Secure transfer of data from SQL server to SQL server over the Internet

Question

I need to transfer data daily from SQL Server (2008) to SQL Server (2005). One of the servers is located at our web host so the data will be transferred over the Internet. On the same network I would use SSIS to transfer the data, but over the Internet this is not a secure option. Is there a secure way of achieving this?

Answer 1

You can use SSL with SQL Server ( 2000/2005 Instructions / 2008 Instructions ) and then force protocol encryption on the connection between both machines. You don't have to use a purchased SSL certificate either, you can use Windows Server Certificate Services to generate one - however if you do so then the CRL must be on a machine that both servers can connect to. An easy way to do this is install Certificate Services on a stand alone machine, perhaps just a VM and the configure it to embed a public DNS name for it's CRL . This doesn't have to be a machine running Certificate Services, just something you own and can upload to. Then you can generate the certificates and publish the CRL and tada, all done.

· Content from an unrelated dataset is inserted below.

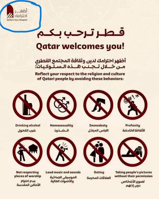 ഖത്തറിൽ സിഗരറ്റ് വലിക്കുന്നത് നിയമവിധേയമാണെങ്കിലും മ്യൂസിയങ്ങൾ, സ്പോർട്സ് ക്ലബ്ബുകൾ, ഷോപ്പിംഗ് മാളുകൾ, റെസ്റ്റോറന്റുകൾ തുടങ്ങി എല്ലാ പൊതു ഇടങ്ങളിലും സിഗരറ്റ് വലിക്കുന്നത് നിരോധിച്ചിട്ടുണ്ടെന്നും ലേഖനത്തിൽ പറയുന്നു. നിയമലംഘകരിൽ നിന്നും പിഴ ചുമത്തും. തോൾ ഭാഗം മറച്ചുകൊണ്ടുള്ള “വിനയത്തോടെ” വസ്ത്രം ധരിക്കാൻ ആരാധകരോട് ഉപദേശിച്ചിട്ടുണ്ടെന്ന് ഖത്തർ ടൂറിസം അതോറിറ്റിയെ ഉദ്ധരിച്ച് റിപ്പോർട്ട് പറയുന്നു.
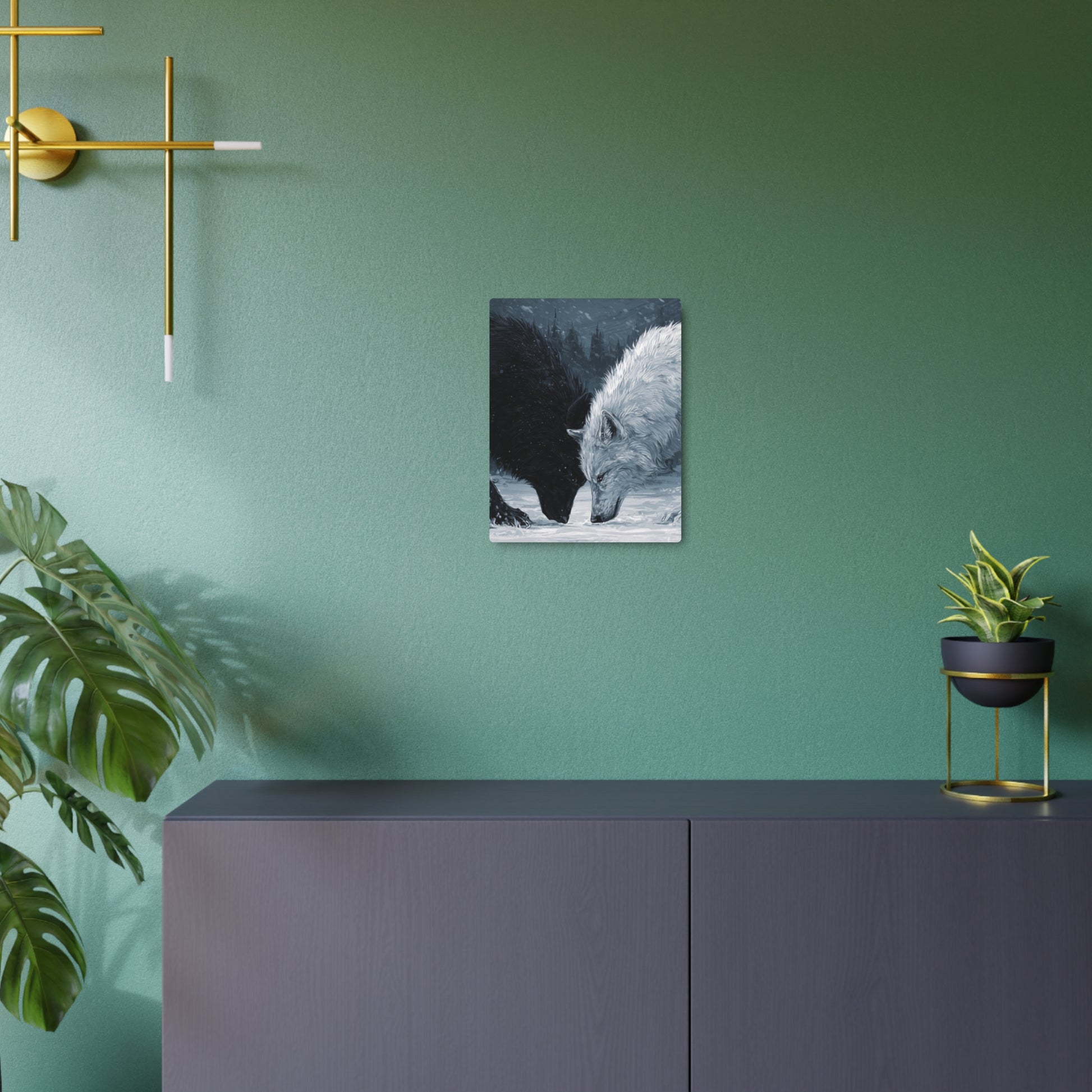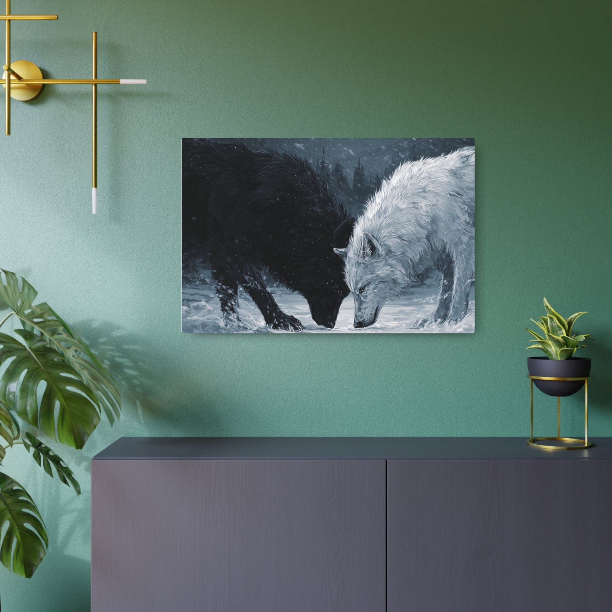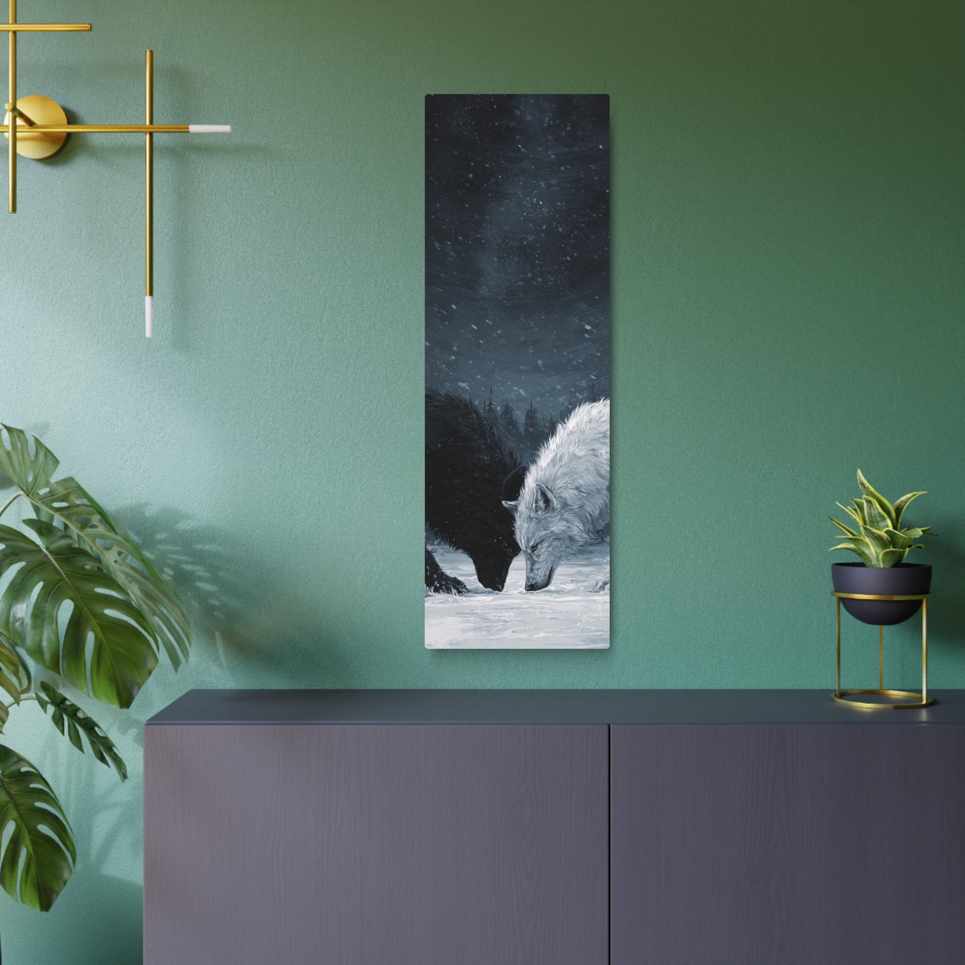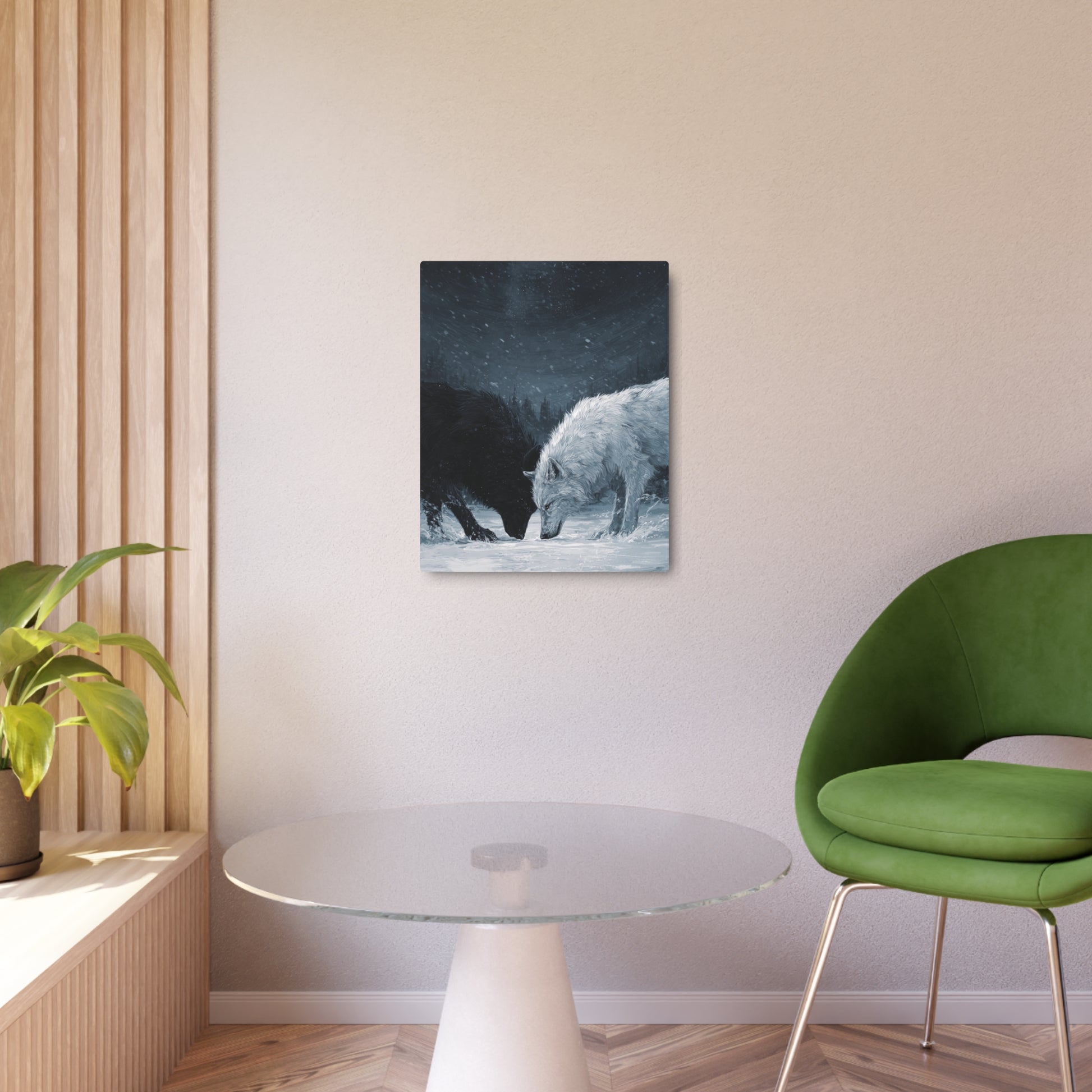 Twin Wolves Snow Scene Rustic Wall Decor

You will need to ensure the service account SQL is running as has access to the private key of the certificate it is using.

Answer 2

Generally it isn't recommended to have your SQL Servers exposed to the Internet, although that may be out of your control in this case. In your position I would investigate developing some separate Web Services that would perform the transfer of the data. These can then be secured using a variety of methods, such as SSL and WS-Security and other custom user permissions. If that isn't possible then blowdart's answer seems like the way to go.

Answer 3

You can use Service Broker :

• Built into SLQ Server engine itself, no need for external process to drive communication.
• Compatible protocol SQL 2005 and SQL 2008 communicate over Service Broker out-of-the box.
• No need to expose either server to the internet. Through Message Forwarding you can expose just a SQL Express, with no data on it, to the internet to act as a gateway that lets messages into the back end target.
• Communication is encrypted .
• Speed , the sample in the link shows how you can exchange over 5000 1k payload messages per second between commodity machines.

Unlike SSIS or replication Service Broker is a general communication framework so it won't provide support to extract the changes and to apply the changes, with conflict resolution and the like. You would have to code that part yourself.